Reputation: 1149
I have a table in a PostgreSQL database
CREATE TABLE js.orders (
id serial NOT NULL PRIMARY KEY,
info json NOT NULL
)
containing 6 rows of JSON data:
select * from js.orders;
returns
id | info
----+----------------------------------------------------------------------------------------------------
1 | { "customer": "Kapil", "items": {"product": "Heineken","qty": 6}}
2 | { "customer": "Satyen", "items": {"product": "Heineken","qty": 18}}
3 | { "customer": "Rekha", "items": {"product": "Carlsberg","qty": 24}}
4 | { "customer": "Madhuri", "items": {"product": "Kalyani","qty": 12}}
5 | { "customer": "Srinivas", "items": {"product": "Kingfisher Strong","qty": 12}}
6 | { "customer": "Saina", "items": [{"product": "Bira91","qty": 6},{"product": "Kalyani","qty": 6} ]}
(6 rows)
The following 'select' query with a 'where' condition:
SELECT info ->> 'customer' AS customer FROM js.orders WHERE info -> 'items' ->> 'product' = 'Heineken';
returns the correct two rows:
customer
----------
Kapil
Satyen
(2 rows)
However, the following query should return two rows:
SELECT info ->> 'customer' AS customer FROM js.orders WHERE info -> 'items' ->> 'product' = 'Kalyani';
but returns only one row:
customer
-----------------
Madhuri
(1 row)
Obviously, the fact that the row with "customer" : "Sania" has a LIST of "items" instead of a single "items" is causing this problem.
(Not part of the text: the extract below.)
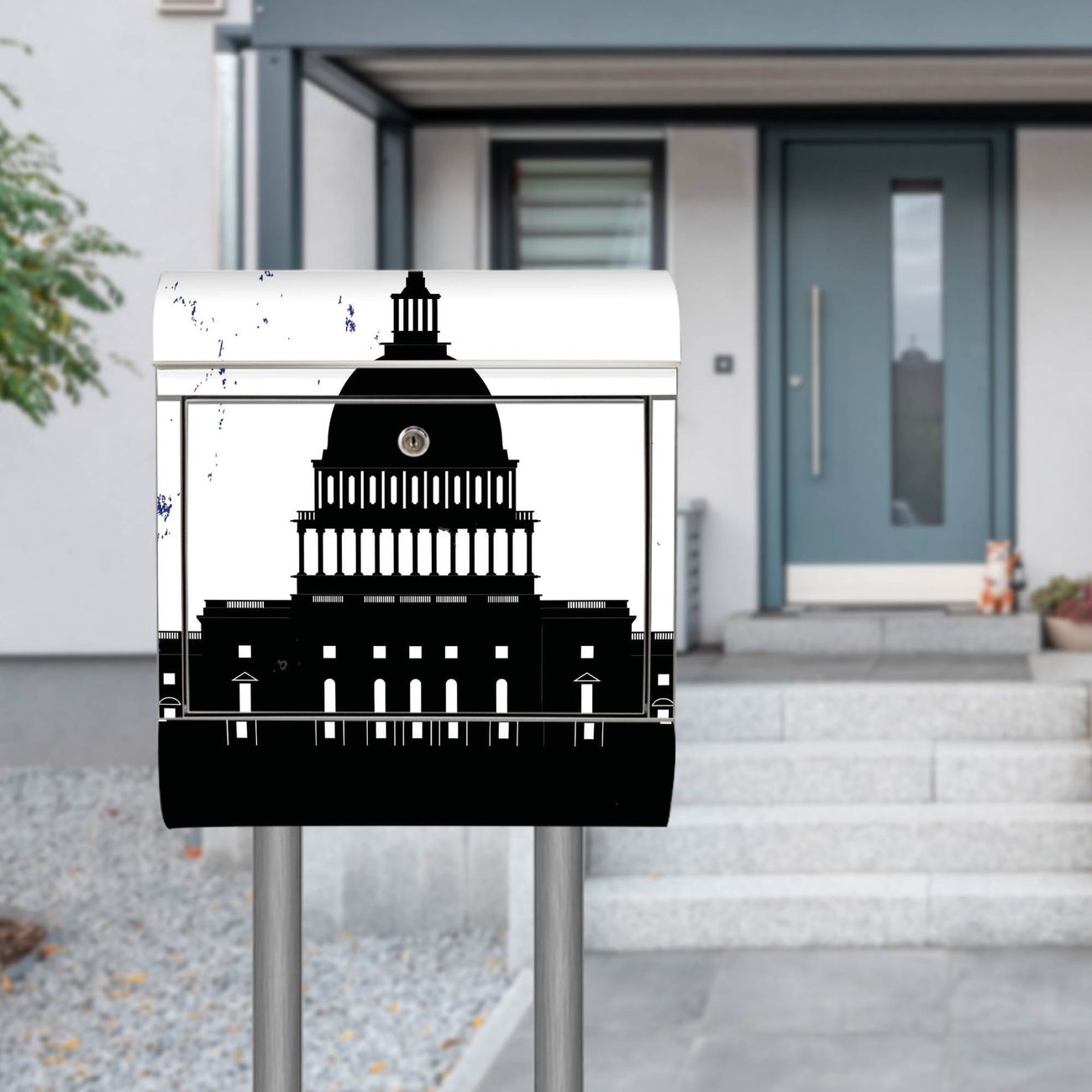 Der banjado Edelstahl Standbriefkasten mit Motiv City Poster Washington bietet Ihnen mit seinem Fassungsvermögen genügend Platz auch für große A4 Sendungen. Das integrierte Zeitungsfach eignet sich hervorragend, um unkompliziert die Tageszeitung zu fassen.

How should I modify my query so that the correct number of rows is returned. Or is it that the data has to be reformatted otherwise.
Platform is
'PostgreSQL 14.10 (Ubuntu 14.10-0ubuntu0.22.04.1) on x86_64-pc-linux-gnu, compiled by gcc (Ubuntu 11.4.0-1ubuntu1~22.04) 11.4.0, 64-bit'
Upvotes: 2
Views: 130
Reputation: 658757
Your fist issue is that you store structured data as JSON documents instead of plain columns in a relational design, which would be much more efficient for storage and queries.
Your second issue is that you vary the structure of said JSON documents without need. Some have an object and some an array as value for the key "items". (None have a "list", which does not exist in JSON terminology.) Makes queries more complicated.
While stuck with your unfortunate design, this query with the jsonpath
operator @?
works, because it processes objects and arrays at the given path in default "lax" mode:
SELECT info ->> 'customer' AS customer
FROM orders
WHERE info -> 'items' @? '$.product ? (@ == "Kalyani")';
To only look at objects like your original query:
SELECT id, info ->> 'customer' AS customer
FROM orders
WHERE info -> 'items' @? 'strict $.product ? (@ == "Kalyani")';
Requires Postgres 12 or later, where the SQL/JSON path language was added. And assumes jsonb
as data type, not json
. The former is typically preferable anyway.